Domain	Residues (approx.)	Function
N-terminal OB fold	~87–250	Telomerase recruitment (TEL patch) + processivity enhancement; structurally homologous to ciliate TEBP-beta 2
POT1-binding domain (PBD)	~158–251	Directly contacts pot1 OB fold; required for POT1 telomere localization (UniProt Q96AP0; 2)
Disordered linker	~265–368, 387–406	Low-complexity spacer regions; limited structural characterization (UniProt Q96AP0)
TIN2-binding domain	~337–544 (C-terminal)	Tethers TPP1-POT1 sub-complex to TIN2, integrating into full shelterin assembly; residue P491 resides in this domain 4

Note: the first 87 N-terminal residues are dispensable for core functions in human cells per ² (Wang 2007 used TPP1(90–544) as the functional construct).

The OB fold carries two distinct surfaces: the TEL patch (telomerase-facing) and the POT1-binding face. Separation-of-function mutations isolating each surface have been experimentally characterized (Nandakumar 2012 ¹).

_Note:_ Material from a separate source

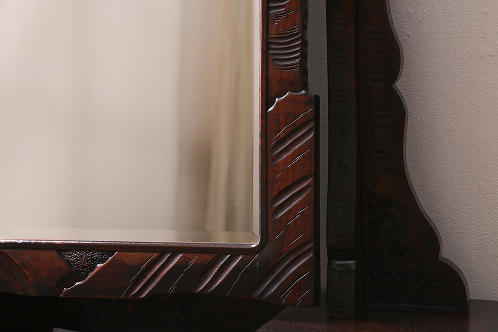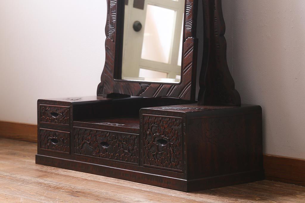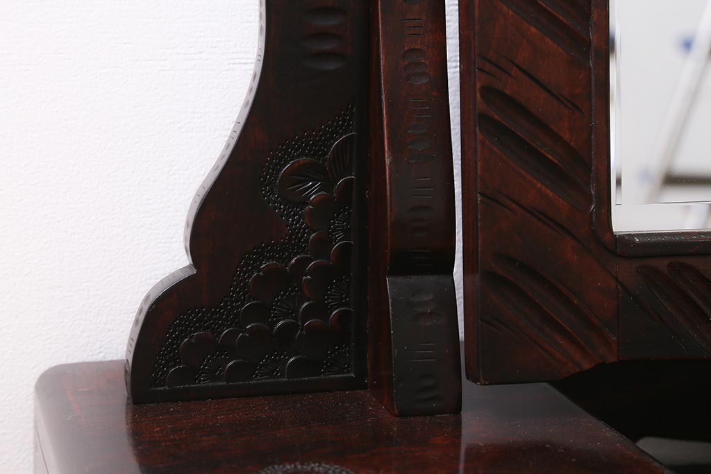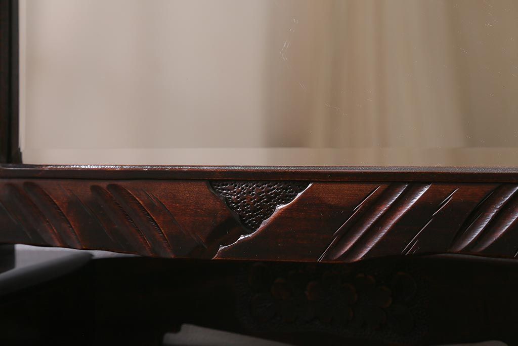ドレッサー・鏡台 > ヴィンテージ家具 伝統工芸 軽井沢彫り 桜の意匠が目を惹く上品な佇まいの鏡台(ドレッサー、ビンテージ)(R-039712)
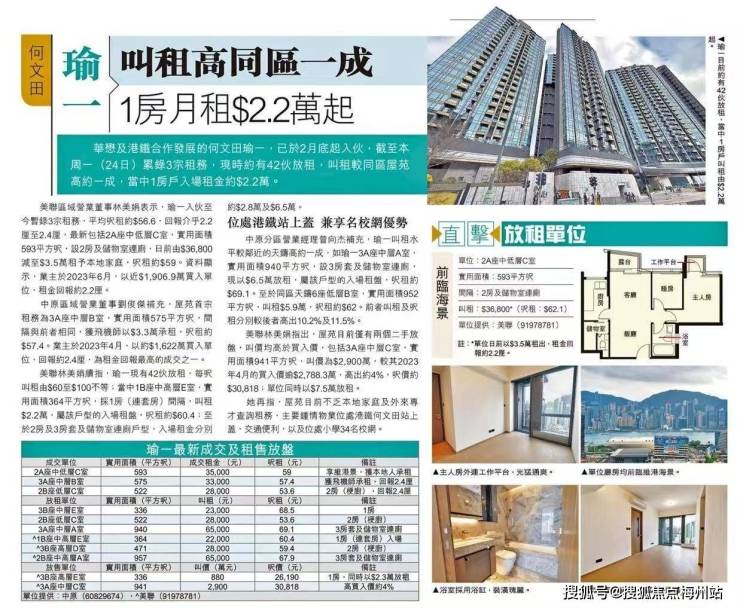 香港房产市场新动态:何文田瑜一1房月租2.2万起!

TEL patch — mechanism of telomerase recruitment

The TEL patch (Telomerase Enhancing Loop patch) is a cluster of charged and hydrophobic residues on the outer face of the OB fold. Seven critical residues were identified by scanning mutagenesis: E168, E169, E171 (acidic cluster), R180, L183 (surface-exposed), and L212, E215 (hydrophobic and acidic). Their mutation to alanine produces separation-of-function alleles: full telomere capping (POT1 interaction intact) but complete loss of telomerase recruitment and telomere elongation in vivo ¹. Notably, double mutants E169A/E171A and L212A showed the strongest defects in processivity stimulation (similar to no TPP1 added); single mutants at adjacent residues (e.g., S106A, S111A, R175V) were tolerated ¹.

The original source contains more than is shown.